A field-chaplain, who only days before had been preaching in a proper church, was enthusiastically doing the honours. He had come to the Front with fresh troops. In his initial bewilderment at what confronted him, he was still performing duties that, in a matter of weeks, he would leave to a layman. One of these duties was this burial. He laid his s
tole round his shoulders, fished a little cross out of his breast pocket, and opened his field-bible.
‘The Lord be with you,’ he began. His attention was divided between the soldiers and the words of Holy Writ. The soldiers’ faces reminded him of the colourless stone ornaments that look expressionlessly across graveyards. It wouldn’t be easy to touch their hearts.
‘For ever and ever, Amen,’ he said aloud. He saw a Major who wasn’t wearing boots. His feet were wrapped in sacking. White bandages gleamed through the rough brown cloth. He couldn’t see the face, as the man was staring into the grave.

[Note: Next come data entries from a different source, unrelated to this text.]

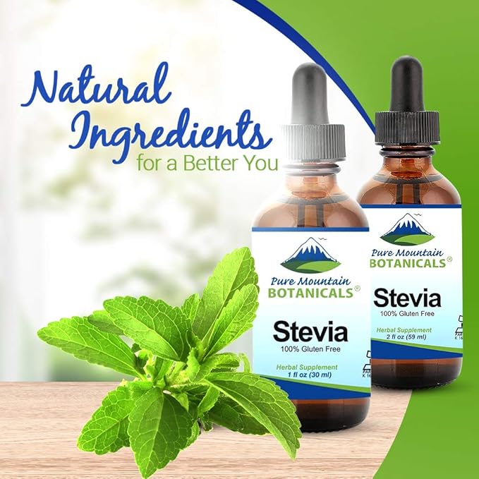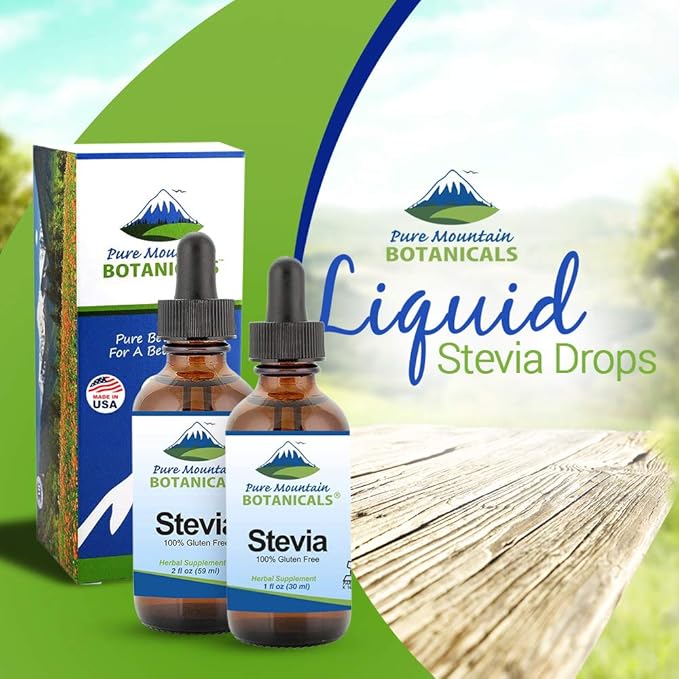 Pure Mountain Botanicals Liquid Stevia Drops - Natural Sweetener - Concentrated Sugar Free Substitute Diabetic Friendly Ideal for Keto Low Carb and Vegan Diet Great Addition to Weight Loss Program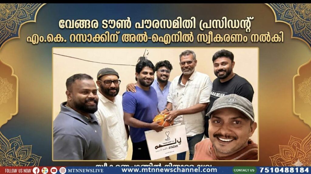 അൽ-ഐൻ: വേങ്ങര ടൗൺ പൗരസമിതി പ്രസിഡന്റ് എം.കെ. റസാക്കിന് അൽ-ഐൻ വേങ്ങര കൂട്ടായ്മ സ്നേഹോഷ്മള സ്വീകരണം നൽകി. പുല്ലമ്പലവൻ ഷമീറിന്റെ അദ്ധ്യക്ഷതയിൽ ചേർന്ന ചടങ്ങിൽ പ്രവാസി സമൂഹത്തിലെ നിരവധി പ്രമുഖർ സംബന്ധിച്ചു.സ്വീകരണത്തിന് നന്ദി രേഖപ്പെടുത്തിക്കൊണ്ട് പൗരസമിതിയുടെ പ്രവർത്തനങ്ങളെക്കുറിച്ചും നാട്ടിൽ നടത്തിവരുന്ന ലഹരി വിരുദ്ധ ക്യാമ്പയിനുകളെക്കുറിച്ചും എം.കെ. റസാക്ക് വിശദീകരിച്ചു. പ്രവാസി കുടുംബങ്ങളിലെ വിദ്യാർത്ഥികളെയും യുവാക്കളെയും പ്രത്യേകമായി ബോധവൽക്കരിക്കേണ്ടതിന്റെ ആവശ്യകതയെക്കുറിച്ച് അദ്ദേഹം യോഗത്തിൽ അദ്ദേഹം പറഞ്ഞു. ചടങ്ങിൽ റിയാസ് ചേറൂർ, ഷുക്കൂർ ആലിങ്കൽ, ഫർഹാൻ എ.കെ., ഷിബിലി കെ.എം., മുബാറക്ക് ബെൻസായി, ജലീൽ എട്ടുവീട്ടിൽ, എം.കെ. അഷ്റഫ്, ഗഫൂർ ബാവ, ഉണ്ണ്യാലുങ്ങൽ മാനു തുടങ്ങിയവർ ആശംസകൾ നേർന്ന് സംസാരിച്ചു.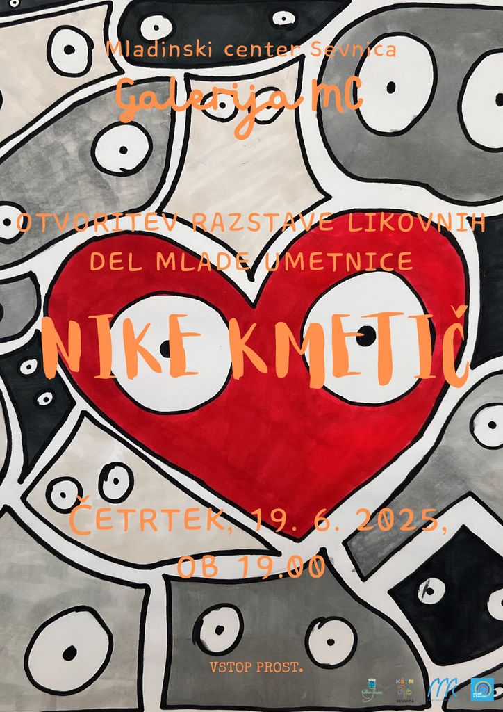 Vabljeni na razstavo likovnih del mlade umetnice Nike Kmetič, 19. 06. 2025 ob 19.00 v Mladinski center Sevnica.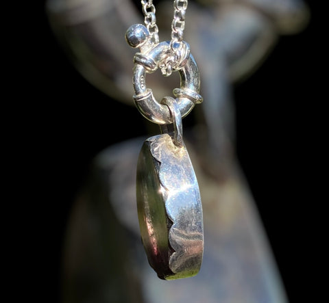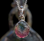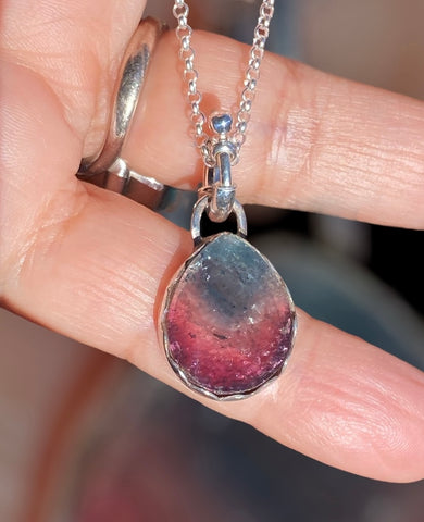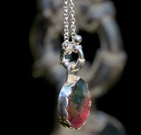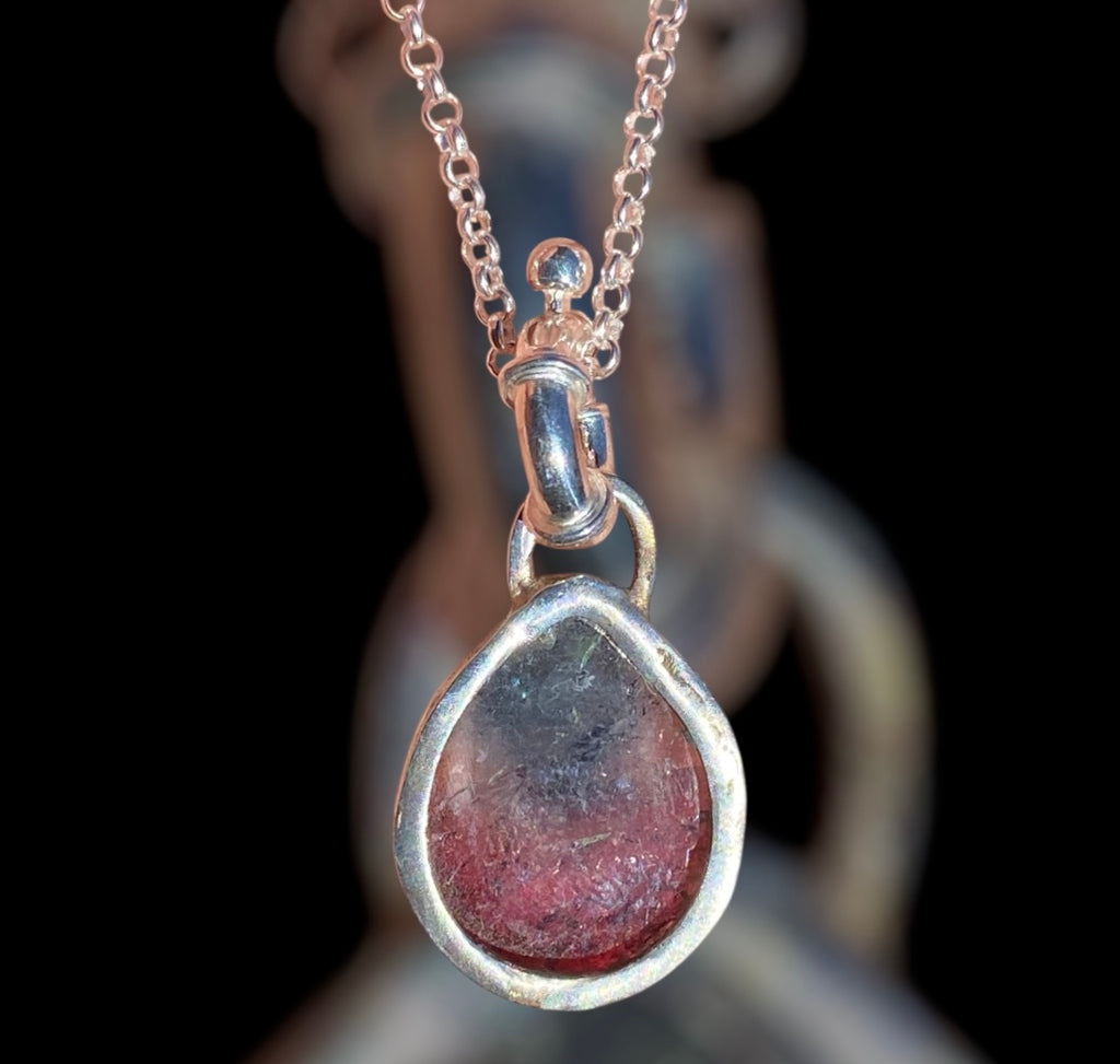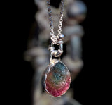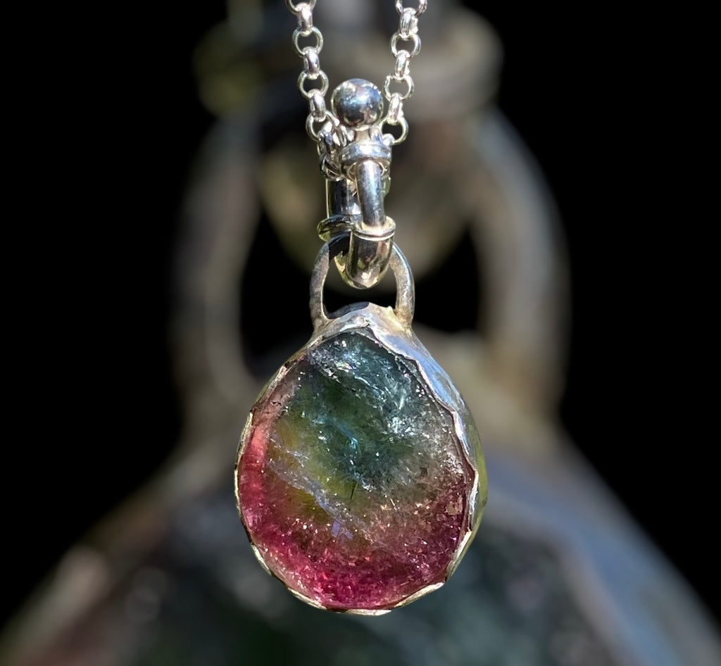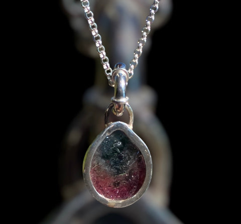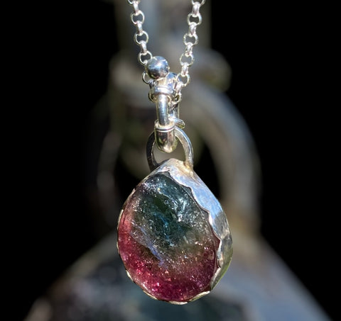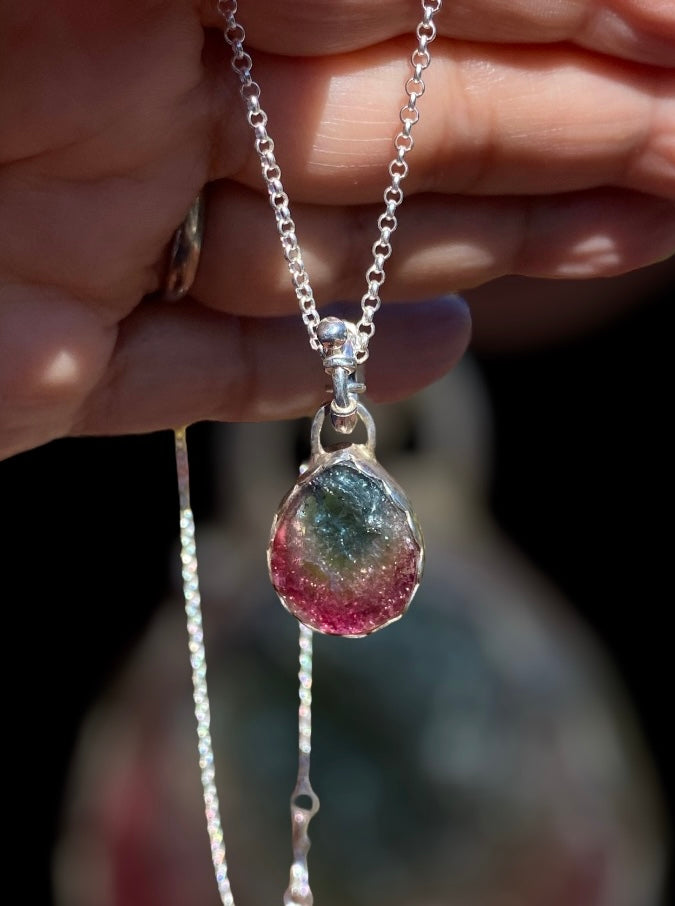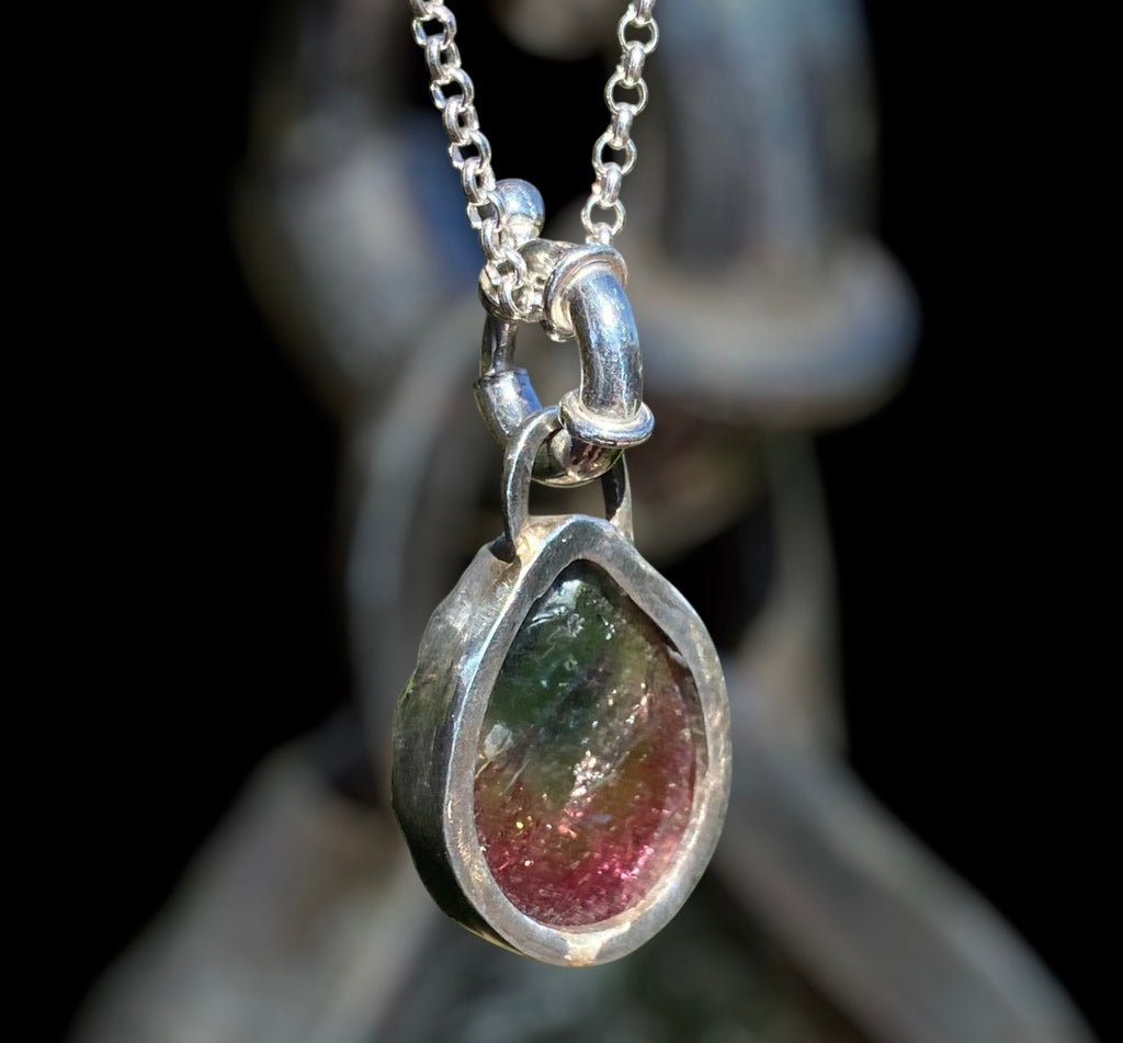 Handcrafted sterling silver watermelon tourmaline pendant with a 45cm Rolo sterling silver chain. The tourmaline measures 20mm x 15mm x 5mm.

‘My dear brothers in Christ,’ he said. ‘This is a sad occasion, on which we turn to God for support. Comrades have been taken from us. The Lord in his wisdom has willed it so.’ This was exactly what he had decided he would say in such a situation. ‘God is too great,’ he went on, ‘for us to discern His purpose. He calls, and we must follow. He is wise, and all-knowing. All we can do is to have faith, even though we do not understand!’ An NCO who was looking round at the edge of the forest in a bored way, obviously not listening, momentarily distracted him. ‘Even though we do not understand!’ he said again. Then he remembered what came next. ‘You see the sky over our heads, how lofty and exalted it is. You see the clouds above us! What are we by comparison! Modest little beings!’ He noticed a soldier with a dispatch case. He was the only one not to wear a new decoration on his chest, as if for some reason he’d been passed over at the award ceremony. ‘We must bear our sorrow with humility,’ said the padre. ‘Not inquire of God why He took one life, and spared another. God is silent and inscrutable. Only when we are returned to the earth of which we are made, will He come to us and say: There will be light! That comfort remains to us . . .’
The Major turned to the NCO: ‘I’ve got to go. My feet. It’s damned cold.’